Using the data below, return every line that holds the word "superficiais".

(INPUT DATA begins)

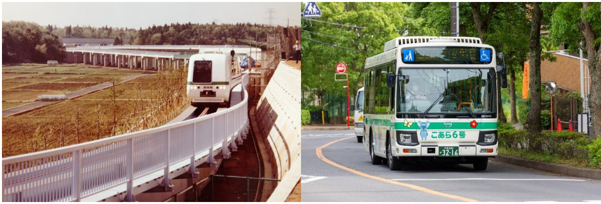
写真左：運行開始当初の「こあら号」 写真右：路線バス「こあらバス」

山万ユーカリが丘線は、運行開始からこれまで 40 年間無事故を継続しており、ユーカリが丘交通網の主幹を担いながら、一貫して地域住民の生活の足として愛され続けています。その間、ホームの段差解消、誘導・警告ブロックの整備等を通じたバリアフリー化はもちろん、大規模な橋脚の補修工事に着手するなど、常に安心・安全な交通システムとして定着してまいりました。近年では、顔認証システムによるチケットレス乗降車「顔パス決済乗車」、山万ユーカリが丘線を補完して高齢者や子育て世代の外出を支援する路線バス「こあらバス」と連動して移動手段をシームレスで提供するなど、MaaSの実現に向けて、常に時代と地域のニーズを常に取り入れながら、地域の皆様とともに成長し歩んでまいりました。
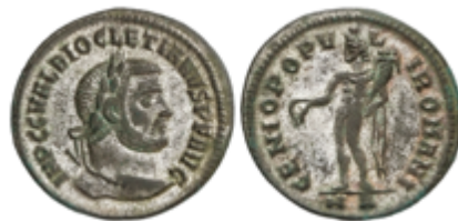
226 50 €
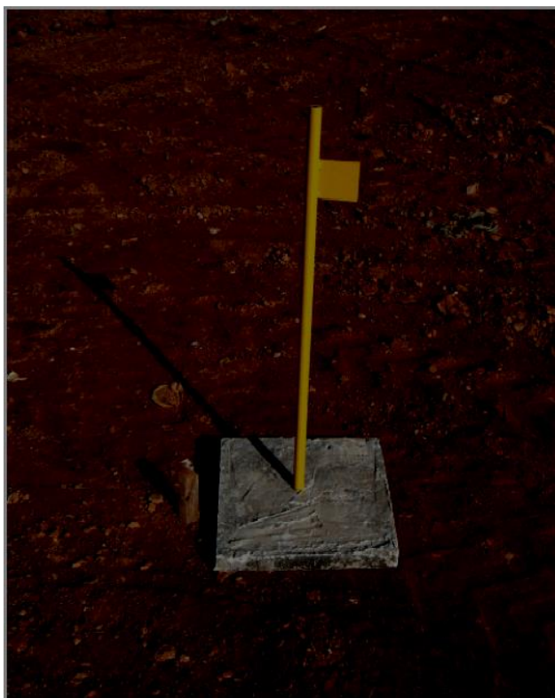
Figura 1 - Marcos superficiais: medidor de recalque de base quadrada

O acompanhamento deve ser feito por meio do registro topográfico das posições de medidores de recalque e marcos superficiais nas superfícies dos taludes, bermas e topo do aterro.

(INPUT DATA ends)

• _PROBLEM SOLUTION_
Figura 1 - Marcos superficiais: medidor de recalque de base quadrada
O acompanhamento deve ser feito por meio do registro topográfico das posições de medidores de recalque e marcos superficiais nas superfícies dos taludes, bermas e topo do aterro.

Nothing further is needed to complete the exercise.